The weak attractions that maintain the tertiary structure of a protein are interactions between amino acid R groups. These include the following:a. hydrogen bonding between polar amino acid R groups b. ionic bridges between positively and negatively charged amino acid R groups c. van der Waals attractions between nonpolar amino acid R groups d. covalent bonding (disulfide bonds) between two cysteines
Why must vegetable sources of protein be mixed to provide an adequate diet?
Vegetables vary in amino acid composition. Most vegetables do not provide all of the amino acid requirements of the body. By eating a variety of different vegetables, all the amino acid requirements of the human body can be met.
List the functions of several a-globulins.
There are many different types of α-globulins. Both very low-density lipoproteins and high-density lipoproteins are examples of α-globulins that are responsible for the transport of lipids in the body. Haptoglobin is a transport protein for free hemoglobin. Ceruloplasmin is a copper transport protein. Prothrombin is involved in blood clotting. The most abundant α-globulin is α1-antitrypsin, a protein that inactivates an enzyme that causes damage in the lungs.
List two transport proteins and describe their significance to the organism.
Transferrin is a transport protein that carries iron from the liver to the bone marrow, where it is used to produce the heme group for hemoglobin and myoglobin. Hemoglobin transports oxygen in the blood.
Use examples of specific amino acids to show the variety of weak interactions that maintain tertiary protein structure.
Two polar amino acids, such as serine and threonine, can hydrogen bond to one another via their hydroxyl groups. The hydrophobic amino acids phenylalanine and tryptophan would associate through van der Waals attractions. The positively charged amino acid arginine could form an ionic bridge with the negatively charged amino acid glutamate. Two cysteines can covalently bond to form a disulfide bridge.
Fibrinogen and prothrombin are both involved in formation of blood clots when they are converted into proteolytic enzymes. However, they are normally found in the blood in an inactive form. Develop an explanation for this observation.
When fibrinogen and prothrombin are found in the blood, they are in their inactive forms because they are proteolytic enzymes. The active enzymes would hydrolyze the peptide bonds of the blood proteins which would destroy the proteins in the blood
What is the difference between sickle cell disease and sickle cell trait?

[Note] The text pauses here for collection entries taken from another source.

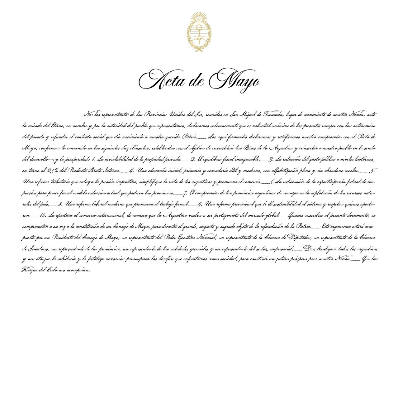 Los gobernadores firmantes del Pacto de Mayo que incluye un decálogo de puntos en los que el Gobierno Nacional considera claves para el país.
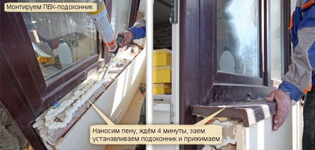 - прижимают ее к подоконной плите;
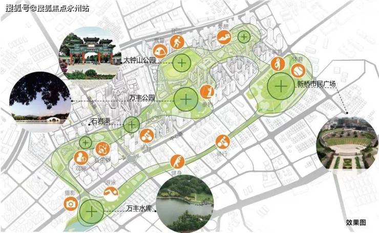 万丰项目并不满足于脚下,更是串联起城市公共空间及生态绿地,以新桥市民广场、大钟山,石岩渠、万丰水库和立新水库等绿色生态资源为基础搭建”生态绿环+城市绿芯”生态色框架,打造“线性公园”+“节点公园”公共开放空间体系,形成10公里生态绿环创造了片区居民多样化的居住休憩生活方式,打造万丰十公里生态绿谷。

When individuals have one copy of the sickle cell gene and one copy of the normal gene, they are said to carry the sickle cell trait. These individuals will not suffer serious side effects,but may pass the trait to their offspring. Individuals with two copies of the sickle cell globin gene exhibit all the symptoms of the disease and are said to have sickle cell anemia.
Why does replacement of glutamic acid with valine alter hemoglobin and ultimately result in sickle cell anemia?
When sickle cell hemoglobin (HbS) is deoxygenated, the amino acid valine fits into a hydrophobic pocket on the surface of another HbS molecule. Many such sickle cell hemoglobin molecules polymerize into long rods that cause the red blood cell to sickle. In normal hemoglobin, glutamic acid is found in the place of the valine. This negatively charged amino acid will not "fit" into the hydrophobic pocket.